• Records provided
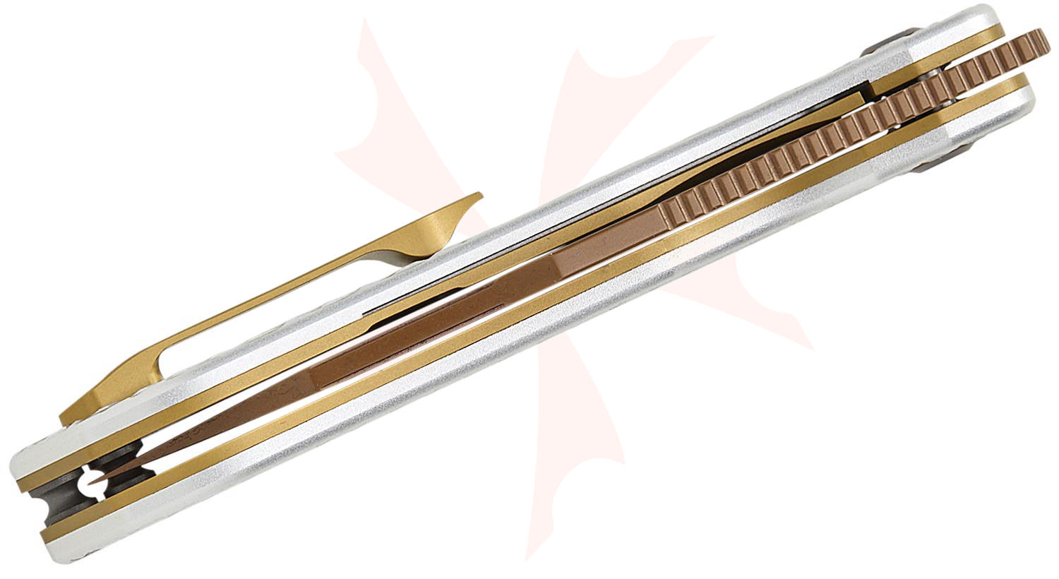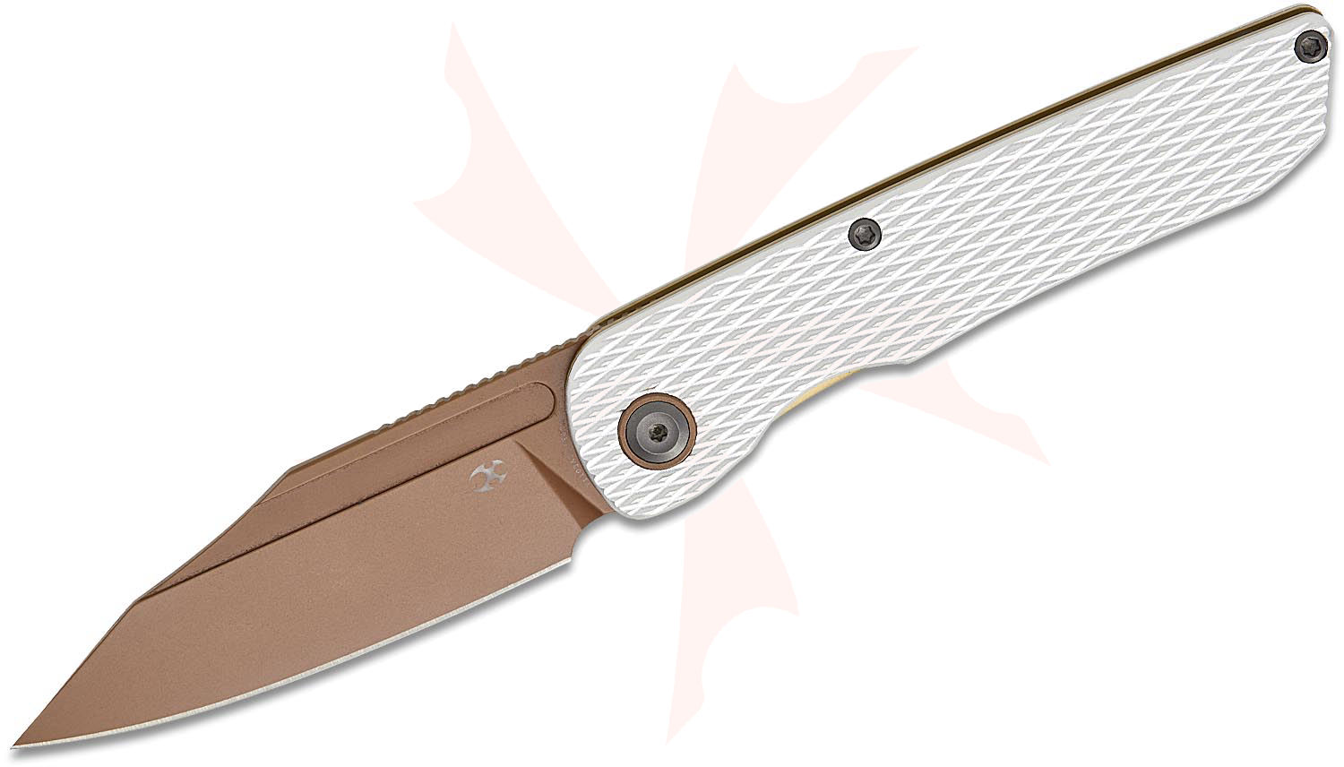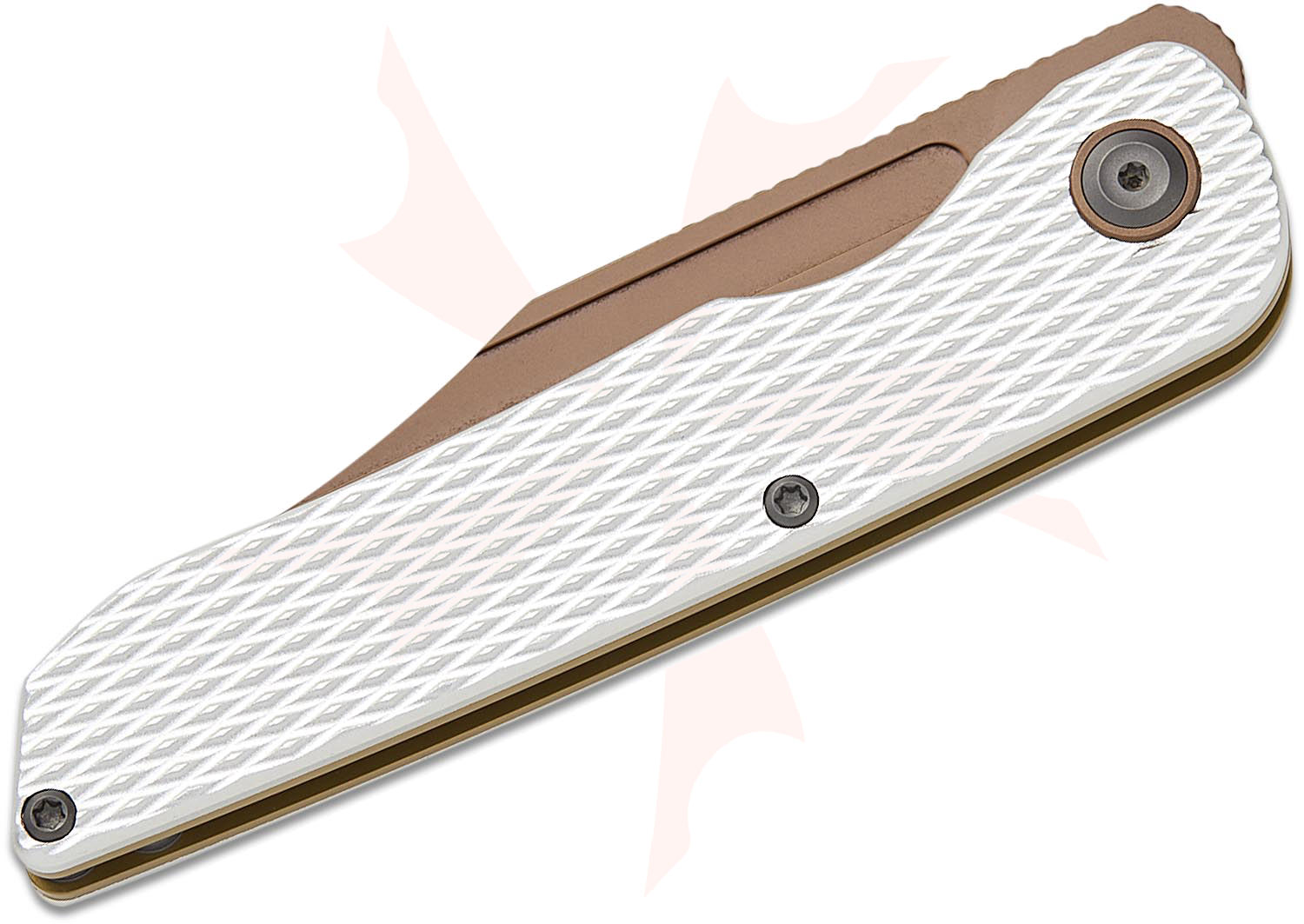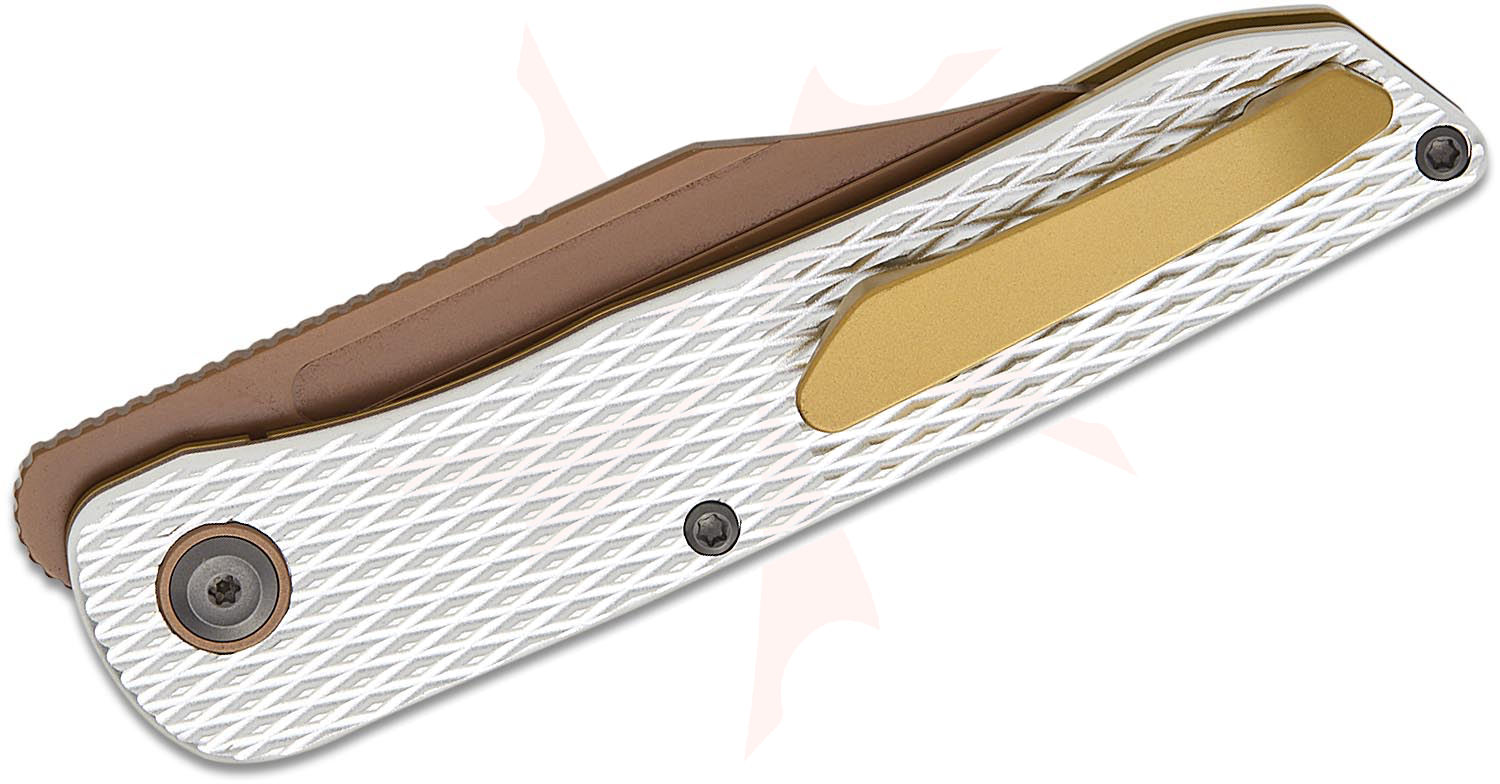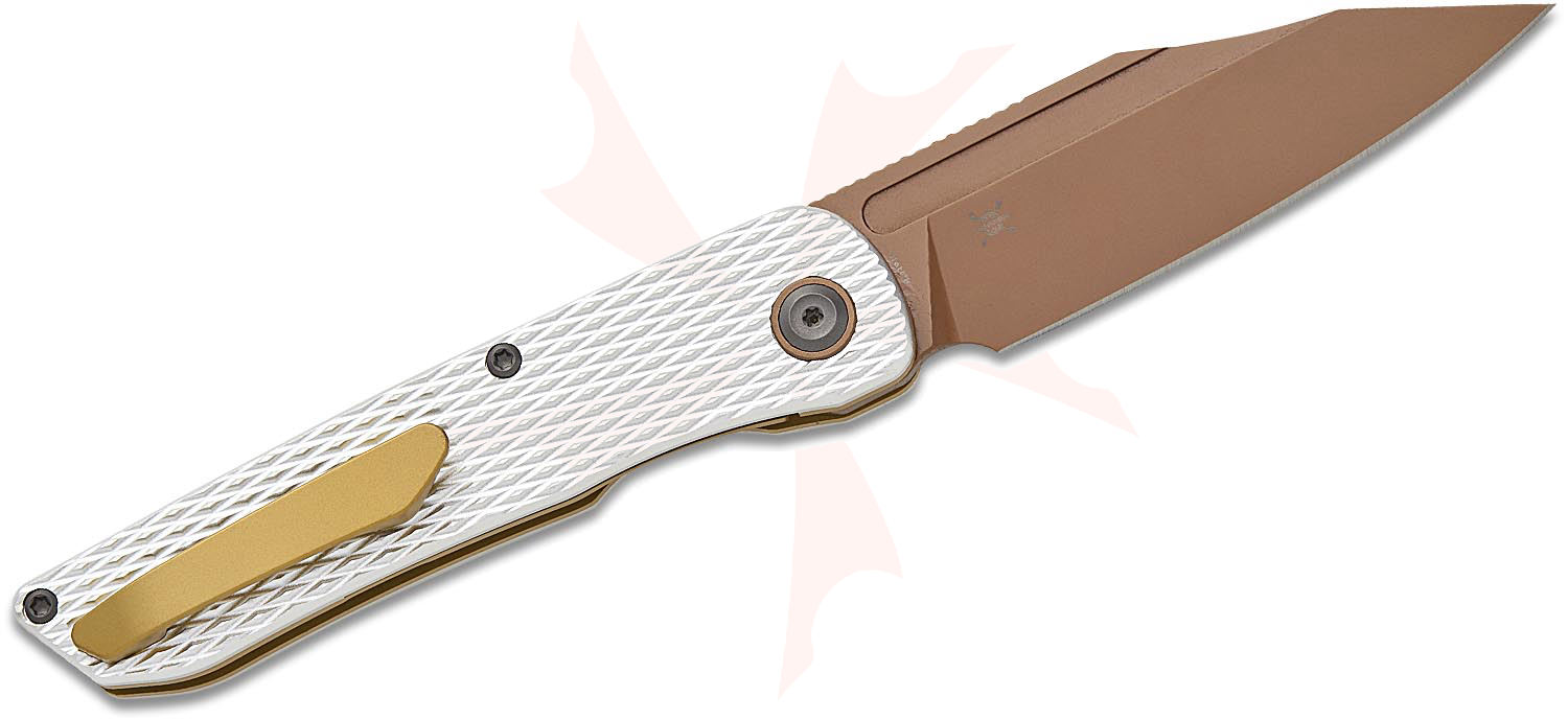 Kansept Knives Nettle Front Flipper Knife 3.28" 154CM Rose Gold Reverse Tanto Blade, Diamond Texture Silver Aluminum Handles, Liner Lock - T1103A3
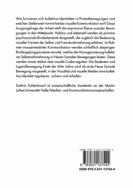 Wie formieren sich kollektive Identitäten in Protestbewegungen und welchen Stellenwert nimmt hierbei visuelle Kommunikation ein? Diese Ausgangsfrage der Arbeit stellt die expressive Ebene sozialer Bewegungen in den Mittelpunkt. Habitus und Lebensstil werden als primäre psychosoziale Bindeelemente dargestellt, die zugleich die Bedeutung visueller Formen der Selbst- und Fremdwahrnehmung erklären. Im Rahmen massenmedialer Kommunikation werden schließlich diejenigen Rückkopplungsprozesse verortet, welche die Homogenisierung kollektiver Selbstwahrnehmung in Neuen Sozialen Bewegungen leisten. Diese werden immer stärker über visuelle Codes reguliert. Die Studenten- und Jugendbewegung Ende der 60er Jahre wird als erste Neue Soziale Bewegung vorgestellt, in der Visualität und visuelle Medien eine kollektive Identität regulieren, sichern und erhalten.
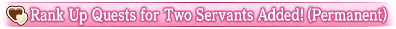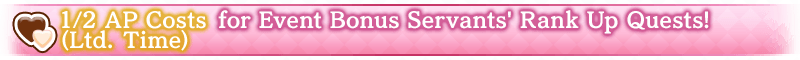 During the period listed below, Rank Up Quests for event bonus Servants will have their AP costs halved! (AP costs will be halved even if you withdraw from battle)
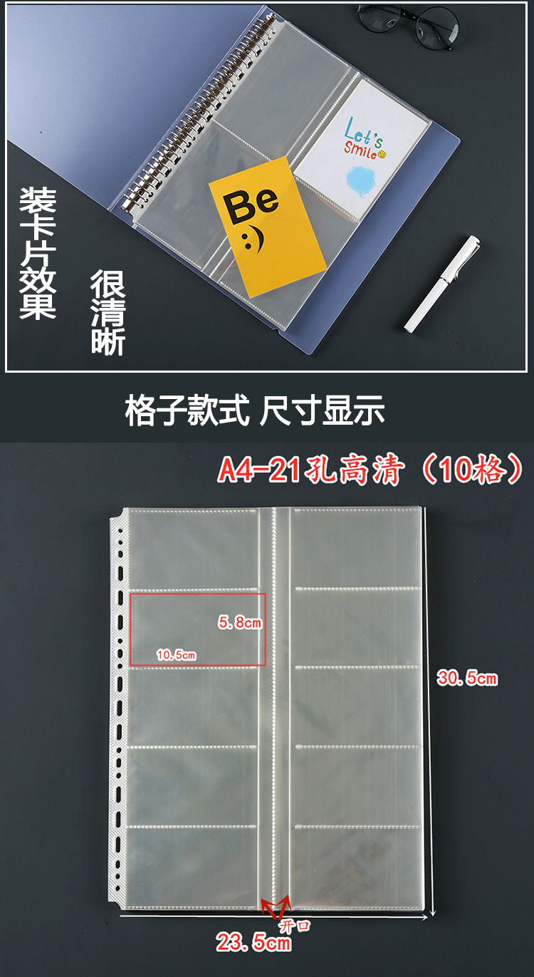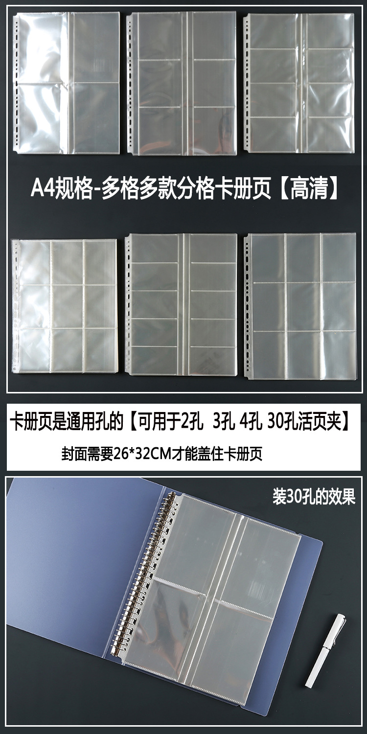 카드 책 느슨한 잎 명함 저장 책 A4 카드 컬렉션 책 스퀘어 카드 레이저 티켓 내부 페이지 보호 필름 대용량 삽입
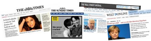 - Seit Anfang Juli sind die Artikel der britischen „Times“ und „Sunday Times“, ebenfalls aus dem Hause News Corp. von Rupert Murdoch, nur noch gegen Bezahlung zu lesen. 105000 zahlende Kunden konnten gewonnen werden. Zum Vergleich: Die gedruckte Auflage liegt bei rund 500000. Massenwirkung geht allerdings verloren: Im zweiten Quartal 2010, als der Zugang noch kostenlos war, hatten 3,1 Mio Besucher die Homepages von thetimes.co.uk bzw. thesundaytimes.co.uk angeklickt. Die Paid-Content-Zahlen seien aber „ermutigend“, sagt „Times“-Chefredakteur James Harding.
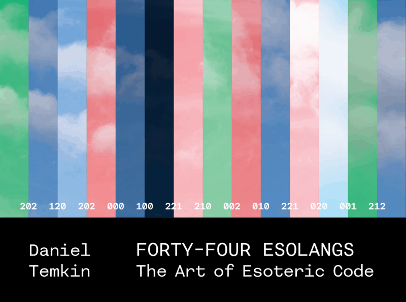 Bio: Daniel Temkin makes photographic and computational art exploring logic and human irrationality. He began interviewing other esolangers and code artists in 2011, creating the blog esoteric.codes. ZKM exhibited the blog and commissioned videos of Temkin explaining esolang history for their Open Codes show in 2018–19. Esoteric.codes earned an ArtsWriters.org grant and a residency at New Museum’s NEW INC, the first museum-led cultural incubator. Temkin has written about esolangs for Hyperallergic and Leonardo, and his aesthetic theory of the form was published by Digital Humanities Quarterly. You can see his work at danieltemkin.com.
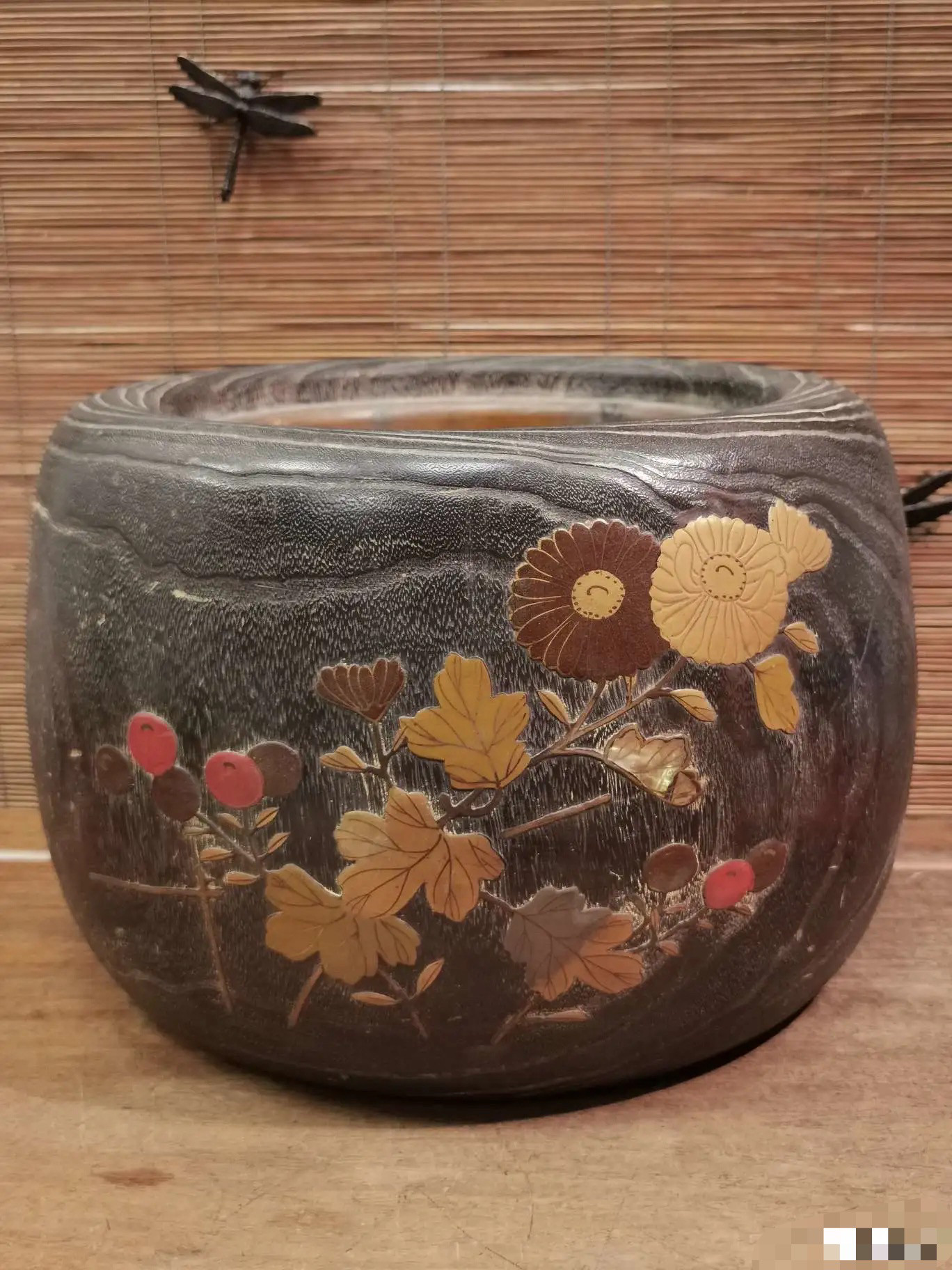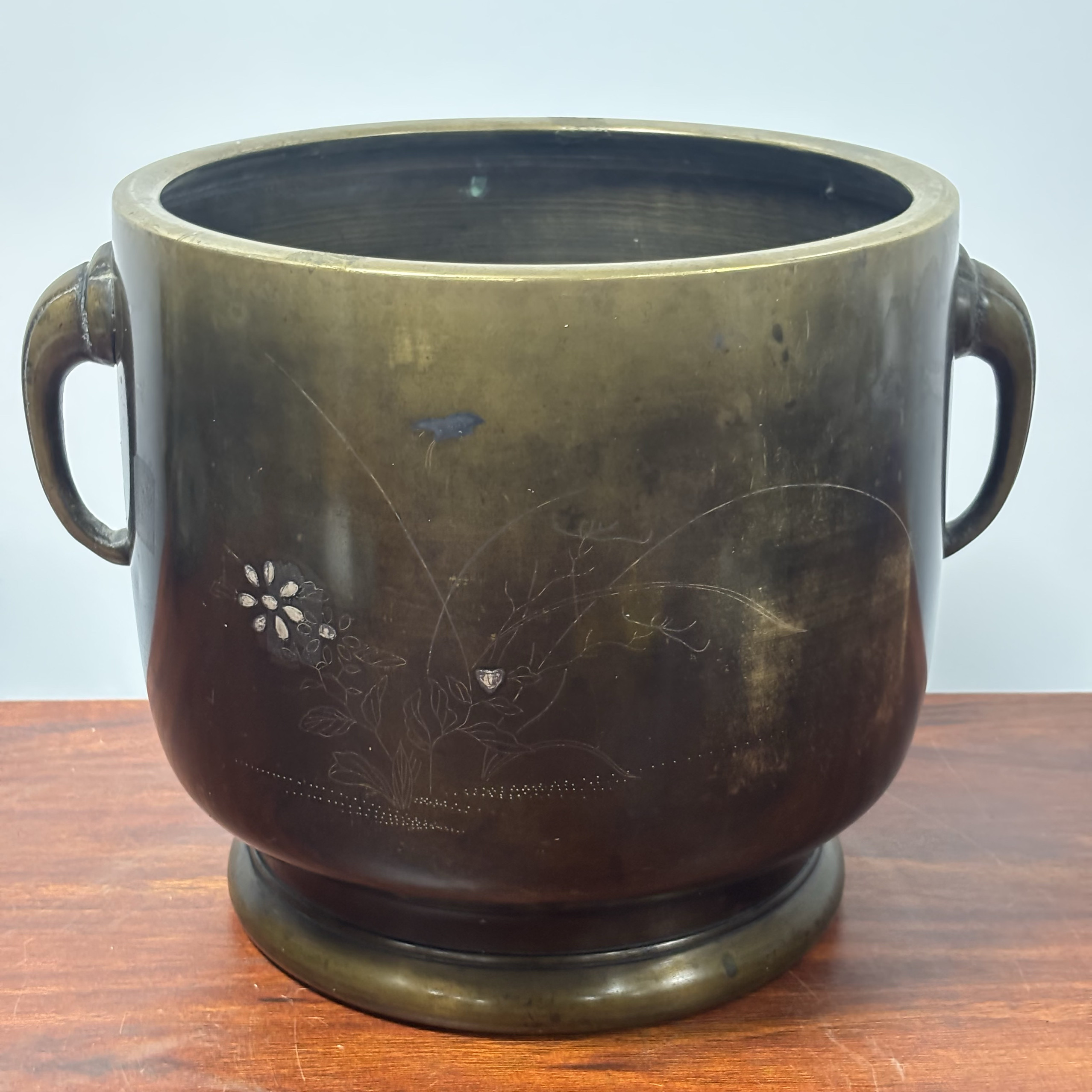日本嵌银花鸟图老铜火钵,重3.4千克,外径25.5厘米,高24厘米

• Directions
An exact reproduction of all the records is required, with no pictures included.

• Output of the exercise
 Kansept Knives Nettle Front Flipper Knife 3.28" 154CM Rose Gold Reverse Tanto Blade, Diamond Texture Silver Aluminum Handles, Liner Lock - T1103A3
 Wie formieren sich kollektive Identitäten in Protestbewegungen und welchen Stellenwert nimmt hierbei visuelle Kommunikation ein? Diese Ausgangsfrage der Arbeit stellt die expressive Ebene sozialer Bewegungen in den Mittelpunkt. Habitus und Lebensstil werden als primäre psychosoziale Bindeelemente dargestellt, die zugleich die Bedeutung visueller Formen der Selbst- und Fremdwahrnehmung erklären. Im Rahmen massenmedialer Kommunikation werden schließlich diejenigen Rückkopplungsprozesse verortet, welche die Homogenisierung kollektiver Selbstwahrnehmung in Neuen Sozialen Bewegungen leisten. Diese werden immer stärker über visuelle Codes reguliert. Die Studenten- und Jugendbewegung Ende der 60er Jahre wird als erste Neue Soziale Bewegung vorgestellt, in der Visualität und visuelle Medien eine kollektive Identität regulieren, sichern und erhalten.
 During the period listed below, Rank Up Quests for event bonus Servants will have their AP costs halved! (AP costs will be halved even if you withdraw from battle)
 카드 책 느슨한 잎 명함 저장 책 A4 카드 컬렉션 책 스퀘어 카드 레이저 티켓 내부 페이지 보호 필름 대용량 삽입
 - Seit Anfang Juli sind die Artikel der britischen „Times“ und „Sunday Times“, ebenfalls aus dem Hause News Corp. von Rupert Murdoch, nur noch gegen Bezahlung zu lesen. 105000 zahlende Kunden konnten gewonnen werden. Zum Vergleich: Die gedruckte Auflage liegt bei rund 500000. Massenwirkung geht allerdings verloren: Im zweiten Quartal 2010, als der Zugang noch kostenlos war, hatten 3,1 Mio Besucher die Homepages von thetimes.co.uk bzw. thesundaytimes.co.uk angeklickt. Die Paid-Content-Zahlen seien aber „ermutigend“, sagt „Times“-Chefredakteur James Harding.
 Bio: Daniel Temkin makes photographic and computational art exploring logic and human irrationality. He began interviewing other esolangers and code artists in 2011, creating the blog esoteric.codes. ZKM exhibited the blog and commissioned videos of Temkin explaining esolang history for their Open Codes show in 2018–19. Esoteric.codes earned an ArtsWriters.org grant and a residency at New Museum’s NEW INC, the first museum-led cultural incubator. Temkin has written about esolangs for Hyperallergic and Leonardo, and his aesthetic theory of the form was published by Digital Humanities Quarterly. You can see his work at danieltemkin.com.
日本嵌银花鸟图老铜火钵,重3.4千克,外径25.5厘米,高24厘米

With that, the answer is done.